S. Edamura believed that the reforms launched by the government of M. S. Gorbachev and the end of the Cold War announced in the course of the meeting of presidents of the USA and the USSR in Malta in December 1989, caused global-scale consequences in all regions [2, p. 24]. At the same time, he was skeptical about the policy of 'new thinking', since he did not observe fundamental changes in the Soviet system and in internal policy. This comes off as somewhat inconsistent, probably due to the fact that the gist of the Soviet reforms remained unclear for the Japanese diplomat. Moreover, conflicts arose when speaking about changes in foreign policy: S. Edamura regarded the course of E. A. Shevardnadze, the Minister of Foreign Affairs of the USSR, as the most tangible confirmation of changes. He wrote: 'The time has come when Soviet foreign policy, previously protected by the myth of its infallibility, is now mercilessly criticized by its own Minister of Foreign Affairs' [2, p. 67]. S. Edamura viewed Shevardnadze's statements positively and believed that Japanese diplomacy had been given a great opportunity to defend its state interests. Apparently, the ambassador of Japan did not notice changes in domestic policy but considered changes in the USSR foreign policy to be substantive.

The attitude to the 'territorial issue', which was of the foremost interest to the Japanese party under the scope of Soviet diplomacy, was considered by S. Edamura as a barometer of the democratic atmosphere in the Soviet government. He mentioned discussions with representatives of the Soviet intellectual circles held between 1990 and 1991, which demonstrated their willingness to listen to the arguments of the Japanese party. The diplomat emphasized the fact that under expanding contacts with the Soviet government, parliament and mass media in 1991, prior to the visit of M. S. Gorbachev to Japan, both he and the Embassy staff had the impression that 'opinions on the territorial issue have not got more rigorous' [2, p. 121]. It is obvious that in the new reality, the Japanese diplomatic mission got the opportunity to expand contacts with representatives of Soviet society.

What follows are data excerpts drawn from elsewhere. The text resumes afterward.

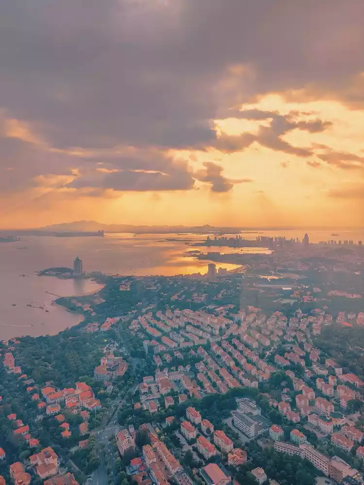 If you can only visit one place in Qingdao, you must not miss the Yunshanghaitian Scenic Area, which overlooks the entire Qingdao and the endless sea at an altitude of 330 meters. The second stop of Xiaoyao's Qingdao trip was Yunshanghaitian, where she encountered an intoxicatingly beautiful sunset.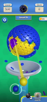 You have a cannon loaded with colored balls. Aim carefully and shoot at the matching colors on the sphere. When you make a hit, the hexes will shatter and fall into the funnel below, earning you points. But be careful! The sphere rotates with every impact, and you have a limited number of shots to clear the entire object. Plan your shots wisely to cause massive chain reactions! FEATURES SATISFYING PHYSICS DESTRUCTION Watch as the hex tiles crumble, fall, and bounce with realistic physics. Clearing the board has never felt this good. It is a perfect ASMR experience for your eyes and brain. COLOR MATCHING STRATEGY You need more than just aim; you need strategy. Match the ball color to the hexes on the sphere to destroy them. Look for weak spots to break off huge chunks of the sphere with a single well-placed shot. POWERFUL BOOSTERS Facing a tough level? Unlock and use explosive power-ups like the Bomb to blast a large area or the Rainbow Ball to match with any color. Use them at the right moment to clear the remaining hexes. HUNDRED OF 3D LEVELS Progress through a wide variety of levels, featuring different sphere patterns, colors, and challenges. Each level requires a new approach to solve the puzzle with your limited shots. RELAXING YET CHALLENGING Enjoy the colorful visuals and simple controls while training your brain. It is easy to pick up and play, but clearing the sphere with the perfect number of shots takes skill. Are you ready to smash some hexes? Download Hexa Shot now and start the ultimate blasting satisfaction!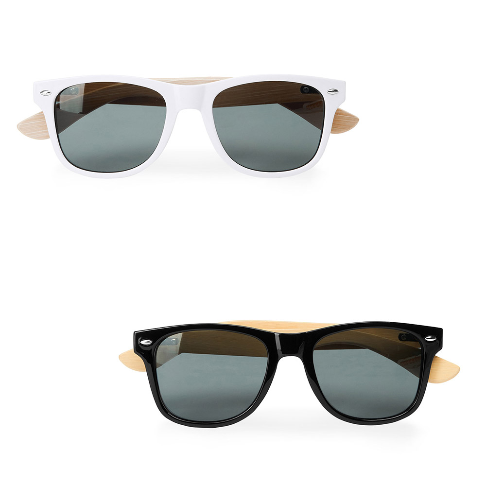 Gafas de sol de atractivo diseño con montura en acabado brillante y patillas en bambú natural. Lentes con protección UV400.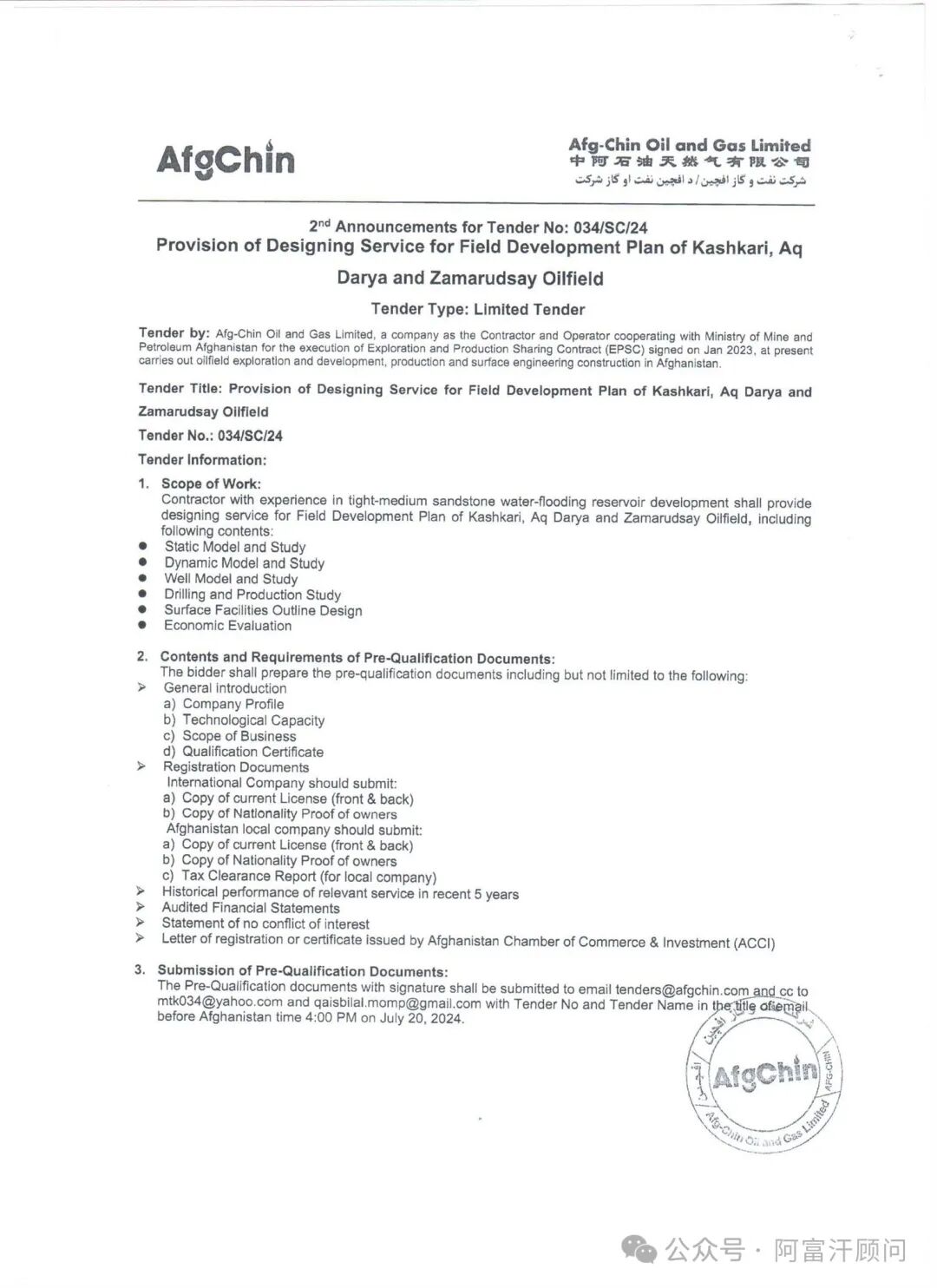 7月9日,阿富汗矿业和石油部公告,再次对阿姆河油田三个合同区块的开发方案设计公开招标。

However, it is also clear that these contacts were mostly sought by representatives of the Soviet public, which were disposed to Japan and more loyal to the Japanese territorial claims, while the position of the USSR leader on this issue constantly eluded the Japanese Ambassador. Ahead of the visit of M. S. Gorbachev to Japan, the Japanese Embassy attempted to hold informal talks with the Soviet leader, resorting to the 'nemawashi' principle (literally, 'digging around the roots' — preliminary coordination of positions) but Japanese diplomats and politicians failed to find the proper line [2, p. 124-125].

The Ambassador of Japan gave an ambiguous estimate of M. S. Gorbachev's personality. The President of the USSR appeared an outstanding person to him: 'His name will remain in the history as the name of an outstanding political leader of the second half of the twentieth century. However, a powerful historical current can occur, which can not be governed by a single person' [2, p. 33]. Thus, M. S. Gorbachev is viewed by S. Edamura as a person, who appeared at the right time but unable to manage alone historical processes in the USSR launched by himself — like a genie out of the bottle.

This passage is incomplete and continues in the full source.